The growing conditions in the hard red winter growing areas (Kansas, Oklahoma and parts of Texas) have been favorable and represent the bulk of the U.S. wheat growing areas. But, other portions of the U.S. had to deal with excess rains.
Spring wheat planting is progressing well. Stocks are comfortable globally, as the European soft wheat crop estimates continue to climb.
Peas and lentils
Pea prices finished the week trading mostly unchanged from the previous week. Export demand has stayed firm. The Canadian Grain Commission reported strong bulk movement in the first three weeks of April: 173,000 metric tons have been loaded for export compared to 135,000 metric tons in March and 141,000 metric tons in February. Total shipments for the first eight months of the marketing year have reached 1.89 million metric tons compared to 1.72 million at the same time in the previous year. To reach this large export total, farmers have already sold 73 percent of old crop peas compared to 60 percent at this same time in 2015. This shows the dominance of both strong global demand and lower average ocean freight costs.
Lentil markets internationally were flat to modestly higher last week. The Statistics Canada report on planting intentions for the 2016 growing season confirmed global expectations for a large increase. Total planted area in Canada for lentils is expected to rise 30 percent to 5.14 million acres from 3.95 million acres in 2015. This is the largest single-year increase for lentil planted area in Canadian history. Firming prices is the tight stock situation: inventories are expected to finish the marketing year at 100 thousand metric tons, which is just 3.8 percent of total usage. The CGC reported a remarkable 35,300 metric tons shipped in March compared to 16.6,000 metric tons in 2015 and well above February 2016’s 13,000 metric tons.
Durum prices have stayed flat in the past few weeks.

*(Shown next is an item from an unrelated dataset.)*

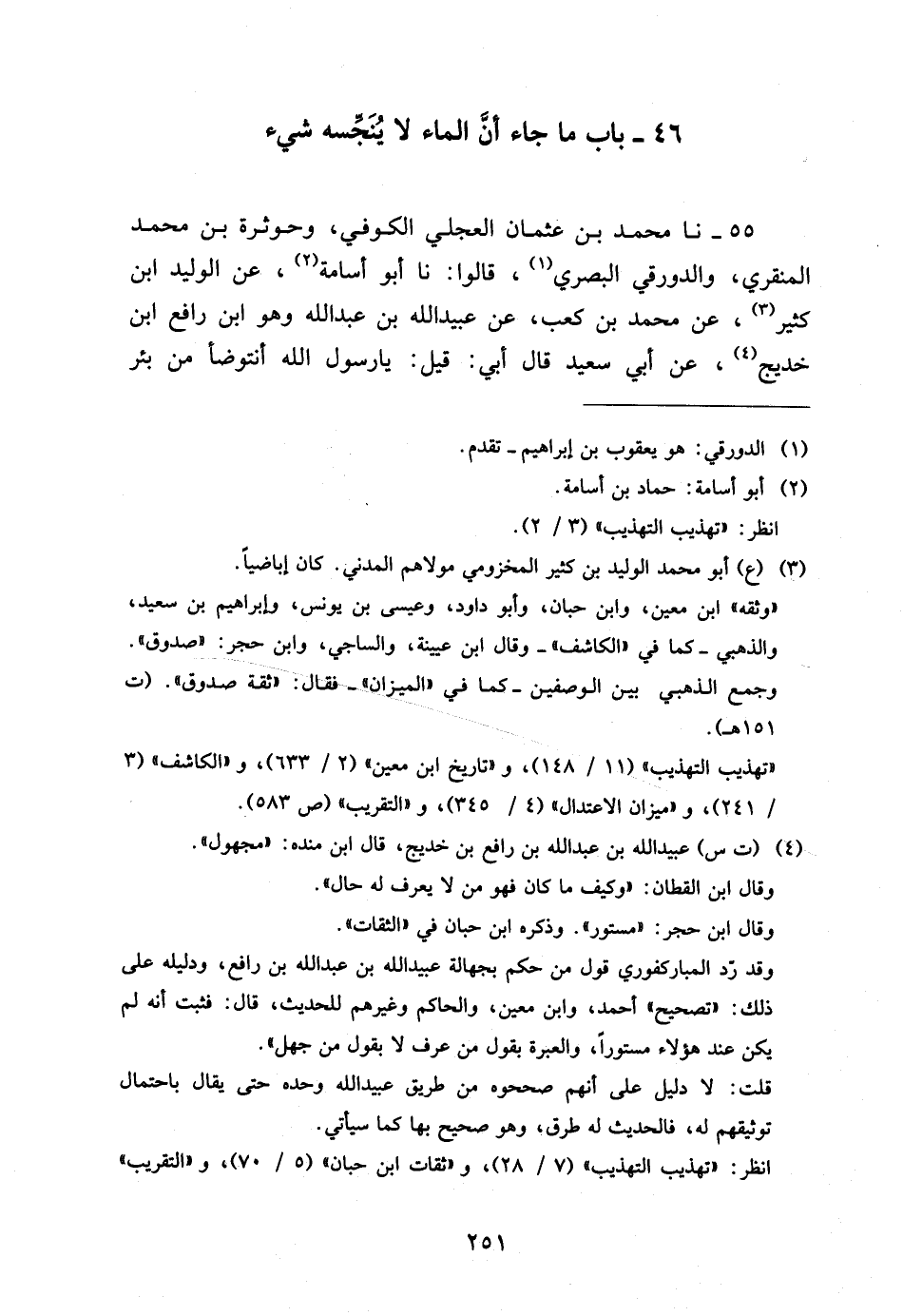 55 - نَا مُحَمَّدُ بْنُ عُثْمَانَ الْعِجْلِيُّ الْكُوفِيُّ وَحَوْثَرَةُ بْنُ مُحَمَّدٍ الْمِنْقَرِيُّ وَالدَّوْرَقِيُّ الْبَصْرِيُّ قَالُوا نَا أَبُو أُسَامَةَ عَن الْوَلِيد ابْن كَثِيرٍ عَنْ مُحَمَّدِ بْنِ كَعْبٍ عَنْ عُبَيْدِ اللَّهِ بْنِ عَبْدِ اللَّهِ وَهُوَ ابْنُ رَافِعِ ابْن خديج عَن أبي سعيد قَالَ أبي قِيلَ يَا رَسُولَ اللَّهِ أَنَتَوَضَّأُ مِنْ بِئْرِ

The recent strength and subsequent drop in the broader wheat market was not followed by durum, as the market has been mostly flat since January - even going back to September 2015, the durum market has traded in the $1 range.
For the past 10 weeks, Canadian durum and wheat exports have averaged 411,000 metric tons, but given government estimates, this is too high.
Exports are slowing to 263,000 metric tons, which is reflective of this needed slow-down in export pace.
Mustard seed exports have slowed, according to CGC data on Canadian shipments. The CGC reported March mustard seed shipments at 1,300 metric tons compared to 1,700 metric tons in February. This is also below the 2,500 metric tons shipped in March of 2015. Total shipments for the current marketing year are 12,700 metric tons compared to 14,200 metric tons for the same period last year.